The East direction. The east is said to be the direction of triumph, and of the red light
immediately preceding sunrise "...which the Cherokee say is 'impregnated with miraculous
creative power'. East is the heading for hope and determination and life", it is the direction from
which comes that life-giving power that stirs all beings into motion with the coming of the dawn.
This suggests the significance of using the east facing bark of the tree for the sacred fire, itself a
symbol of, and indeed, a requirement for life.
Sacred numbers: It is the numbers four and seven that are sacred to the Cherokee. The
number four is significant of the four directions and of wholeness, but it is the number seven
which seems to be the most prominant. There are seven clans; seven councillors presided over
regular festivals (recall the New Fire Ceremony above); there was a regular sacrifice every
seventh day, and in "remote times" a sacrifice was held once every seven years .

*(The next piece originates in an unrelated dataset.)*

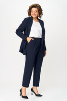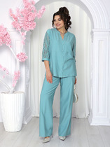 Комплект женский, состоящий из рубашки и юбки. Рубашка с длинным цельнокроеным рукавом, заканчивающимся притачной манжетой (на застежку пуговицу). Воротник стояче-отложной. Перед рубашки с застежкой на планку, петли и пуговицы. Перед с накладными карманами. В боковых швах разрезы. Юбка прямого силуэта, длинная, состоящая из двух видов ткани. Выполнена, как имитация двойной юбки. Верх юбки на обтачке, застежка - молния в среднем шве спинки. Нижняя юбка с высокими боковыми разрезами.

It is said that following the Trail of Tears in 1838, the elders of the Cherokee Nation prophecied
that in the seventh generation the people would be strong again; this prophecy is believed to
have been fulfilled with the reunion of the Eastern and Western Cherokee at Red Clay,
Tennesse in 1984 (Awiakta:1993 pp.108, 151, 181. See also History section). Arvol Looking
Horse of the Sioux Nation and Keeper of the Sacred Pipe, also states that the healing of that
Nation has now begun, in the seventh generation (Talking Stick Journal Winter/Spring 1996).
One significance of the number seven is said to be "renewal and return", which, seen in the
context of the New Fire ceremony above, alongside the symbolism of the east and of the fire
itself, defines well that ceremony's meaning.